▶

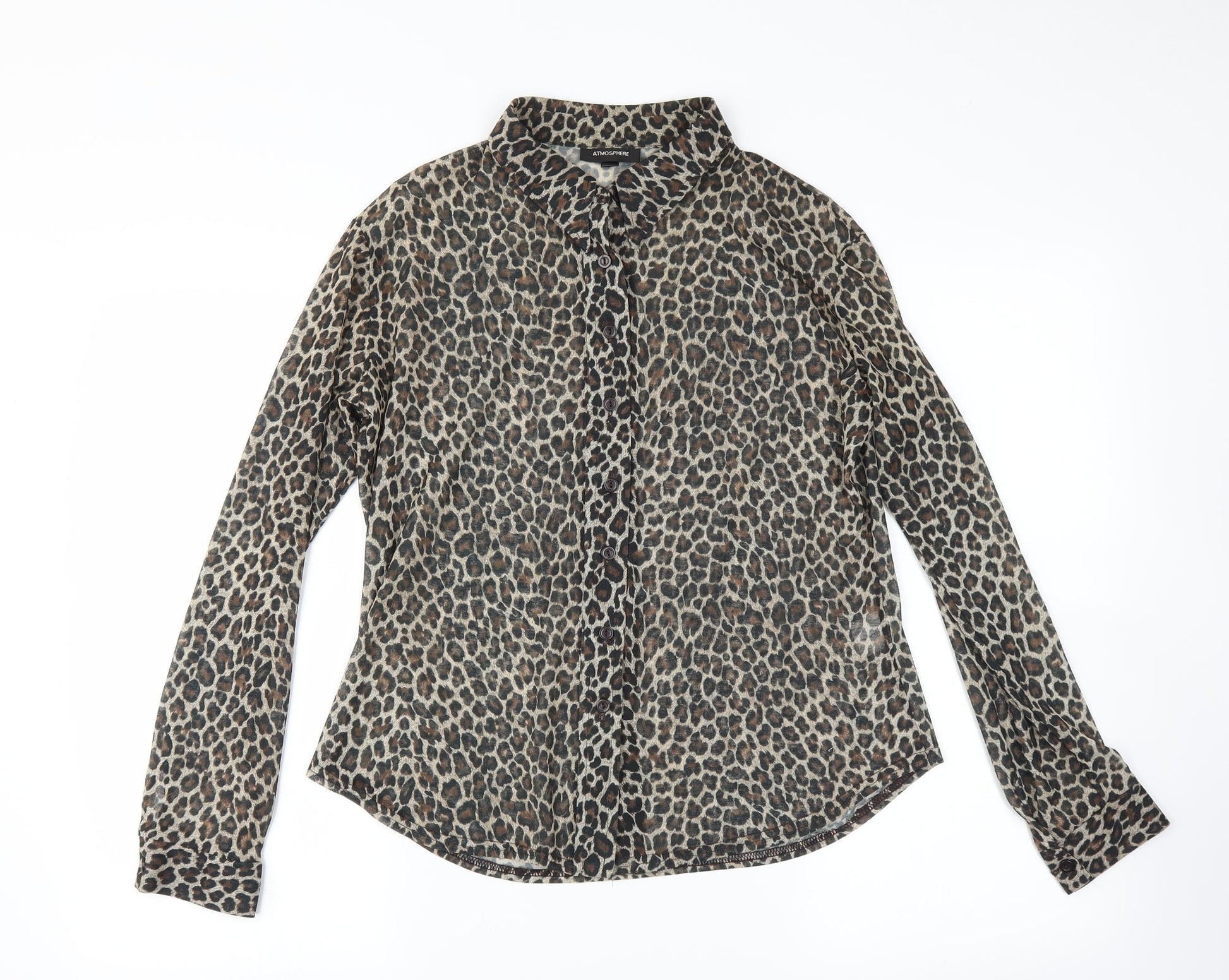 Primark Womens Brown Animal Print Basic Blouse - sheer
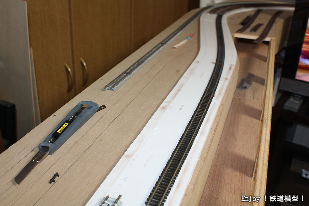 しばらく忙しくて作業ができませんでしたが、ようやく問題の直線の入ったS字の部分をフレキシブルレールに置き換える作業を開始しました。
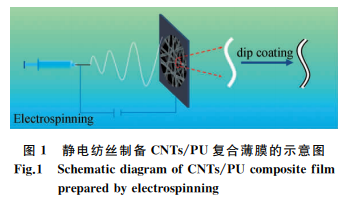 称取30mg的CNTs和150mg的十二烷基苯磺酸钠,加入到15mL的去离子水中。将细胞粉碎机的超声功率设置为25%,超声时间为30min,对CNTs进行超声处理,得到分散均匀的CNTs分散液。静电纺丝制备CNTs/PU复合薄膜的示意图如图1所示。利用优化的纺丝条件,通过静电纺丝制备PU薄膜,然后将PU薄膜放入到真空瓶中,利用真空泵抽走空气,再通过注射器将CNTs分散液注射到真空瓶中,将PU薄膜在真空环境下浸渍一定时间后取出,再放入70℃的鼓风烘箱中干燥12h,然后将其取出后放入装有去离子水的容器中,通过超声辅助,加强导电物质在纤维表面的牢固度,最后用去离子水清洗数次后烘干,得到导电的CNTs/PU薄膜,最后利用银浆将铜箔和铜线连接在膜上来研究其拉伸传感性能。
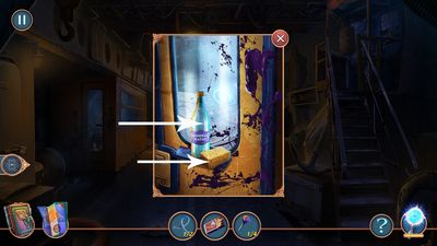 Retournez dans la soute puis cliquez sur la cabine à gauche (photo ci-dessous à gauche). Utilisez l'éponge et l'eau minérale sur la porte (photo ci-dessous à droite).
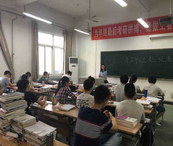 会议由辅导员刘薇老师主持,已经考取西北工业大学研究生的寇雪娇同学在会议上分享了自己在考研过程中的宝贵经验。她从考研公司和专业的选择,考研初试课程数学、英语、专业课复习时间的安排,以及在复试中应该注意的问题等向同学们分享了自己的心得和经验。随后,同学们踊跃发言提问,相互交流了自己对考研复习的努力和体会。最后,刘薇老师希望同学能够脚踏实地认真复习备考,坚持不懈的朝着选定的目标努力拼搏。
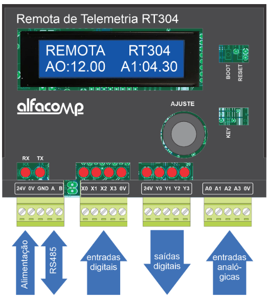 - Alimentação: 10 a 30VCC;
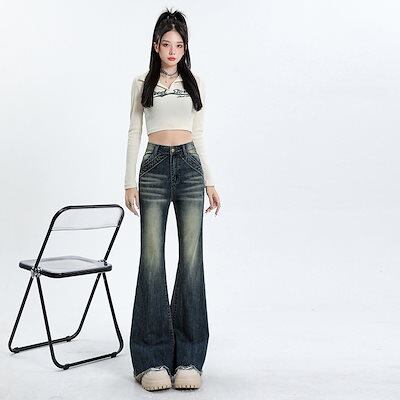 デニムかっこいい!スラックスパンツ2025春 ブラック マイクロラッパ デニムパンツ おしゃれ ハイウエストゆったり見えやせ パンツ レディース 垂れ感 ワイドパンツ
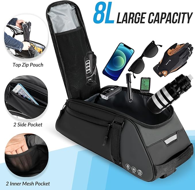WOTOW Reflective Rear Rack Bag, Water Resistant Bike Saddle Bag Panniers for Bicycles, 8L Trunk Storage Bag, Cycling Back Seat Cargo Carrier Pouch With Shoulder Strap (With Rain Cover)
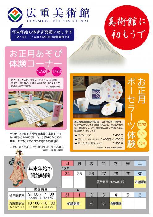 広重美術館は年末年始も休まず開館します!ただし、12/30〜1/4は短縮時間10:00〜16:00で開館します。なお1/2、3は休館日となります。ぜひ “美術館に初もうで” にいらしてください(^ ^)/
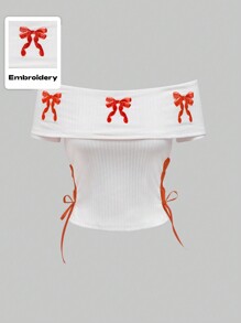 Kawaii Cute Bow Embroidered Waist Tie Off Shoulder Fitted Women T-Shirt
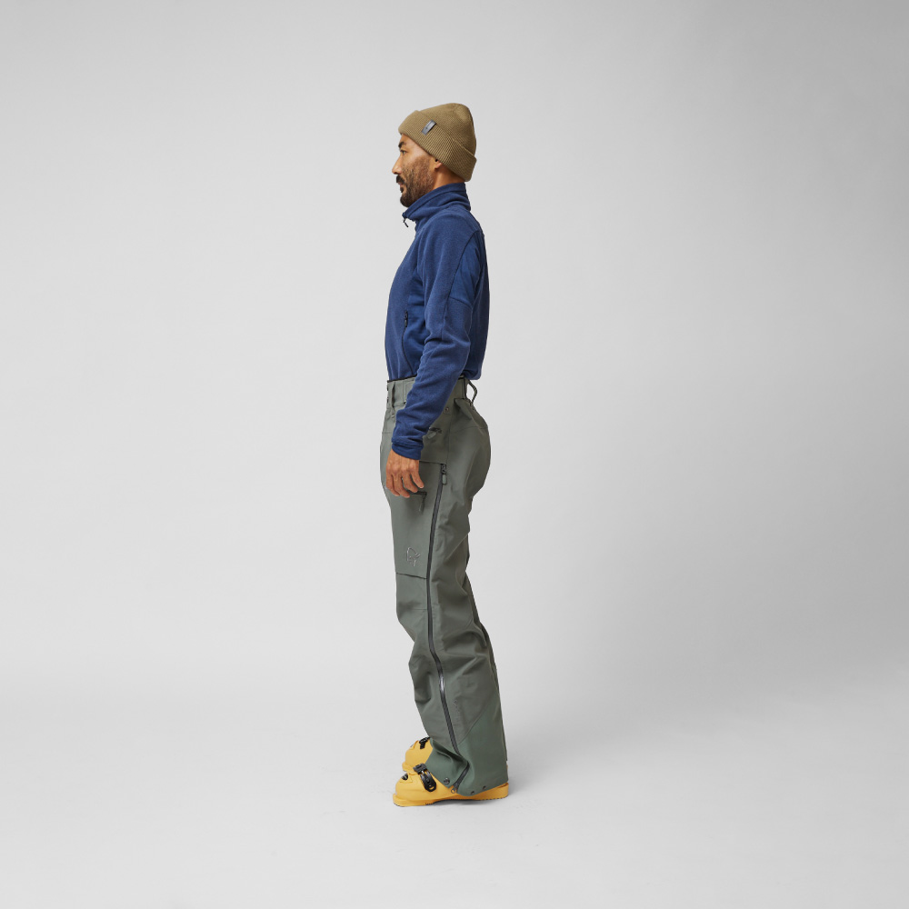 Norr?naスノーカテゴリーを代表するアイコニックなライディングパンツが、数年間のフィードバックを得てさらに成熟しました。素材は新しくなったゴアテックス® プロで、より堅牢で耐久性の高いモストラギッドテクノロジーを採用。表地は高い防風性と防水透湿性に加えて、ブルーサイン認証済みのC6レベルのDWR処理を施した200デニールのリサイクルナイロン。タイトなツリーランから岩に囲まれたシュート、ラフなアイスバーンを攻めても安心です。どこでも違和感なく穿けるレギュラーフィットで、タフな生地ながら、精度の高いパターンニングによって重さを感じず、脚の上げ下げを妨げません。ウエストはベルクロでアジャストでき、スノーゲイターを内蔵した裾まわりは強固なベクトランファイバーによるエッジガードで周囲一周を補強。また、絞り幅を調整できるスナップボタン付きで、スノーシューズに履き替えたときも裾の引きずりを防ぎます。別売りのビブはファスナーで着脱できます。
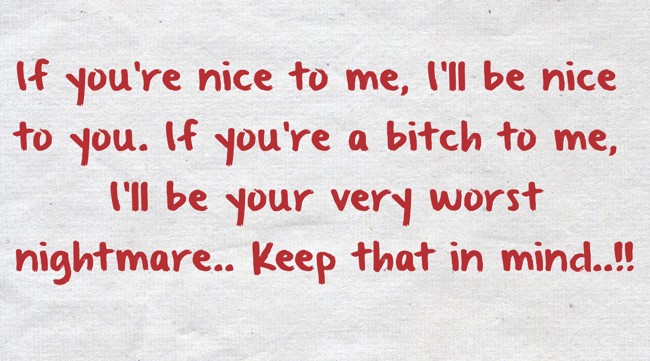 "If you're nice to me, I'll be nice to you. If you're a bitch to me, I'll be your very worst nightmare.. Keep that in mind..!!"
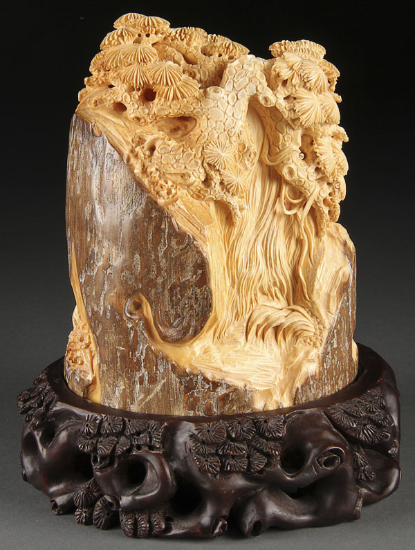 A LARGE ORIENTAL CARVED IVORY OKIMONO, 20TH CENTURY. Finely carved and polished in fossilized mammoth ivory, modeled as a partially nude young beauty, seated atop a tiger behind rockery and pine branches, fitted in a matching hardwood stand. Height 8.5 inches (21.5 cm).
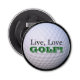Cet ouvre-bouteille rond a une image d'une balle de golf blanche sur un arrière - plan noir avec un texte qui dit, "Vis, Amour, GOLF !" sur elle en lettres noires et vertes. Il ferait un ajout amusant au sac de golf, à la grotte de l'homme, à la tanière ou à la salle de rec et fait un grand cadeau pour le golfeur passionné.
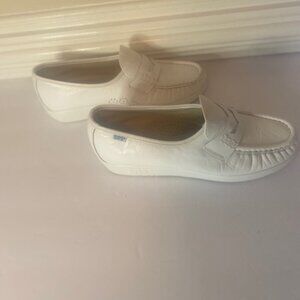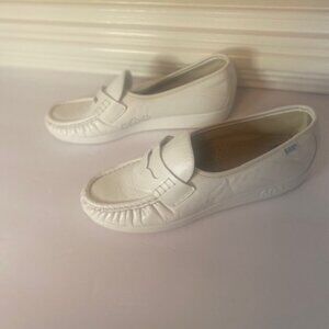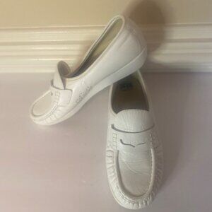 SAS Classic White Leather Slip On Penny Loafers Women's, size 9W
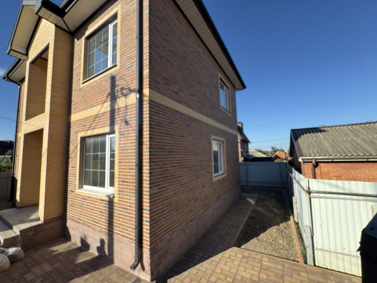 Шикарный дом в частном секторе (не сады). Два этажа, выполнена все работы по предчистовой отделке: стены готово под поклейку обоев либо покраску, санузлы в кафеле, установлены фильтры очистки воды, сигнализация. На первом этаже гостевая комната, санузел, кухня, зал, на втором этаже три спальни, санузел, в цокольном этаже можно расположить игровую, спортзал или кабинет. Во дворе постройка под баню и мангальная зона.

◀

● **ACTIVITY**:
Your output should be the lines above from the one that contains "しばらく忙しくて作業ができま" through the one that contains "称取30mg的CNTs和15", word for word, with pictures left out.

● **EXERCISE RESPONSE**:
 しばらく忙しくて作業ができませんでしたが、ようやく問題の直線の入ったS字の部分をフレキシブルレールに置き換える作業を開始しました。
 称取30mg的CNTs和150mg的十二烷基苯磺酸钠,加入到15mL的去离子水中。将细胞粉碎机的超声功率设置为25%,超声时间为30min,对CNTs进行超声处理,得到分散均匀的CNTs分散液。静电纺丝制备CNTs/PU复合薄膜的示意图如图1所示。利用优化的纺丝条件,通过静电纺丝制备PU薄膜,然后将PU薄膜放入到真空瓶中,利用真空泵抽走空气,再通过注射器将CNTs分散液注射到真空瓶中,将PU薄膜在真空环境下浸渍一定时间后取出,再放入70℃的鼓风烘箱中干燥12h,然后将其取出后放入装有去离子水的容器中,通过超声辅助,加强导电物质在纤维表面的牢固度,最后用去离子水清洗数次后烘干,得到导电的CNTs/PU薄膜,最后利用银浆将铜箔和铜线连接在膜上来研究其拉伸传感性能。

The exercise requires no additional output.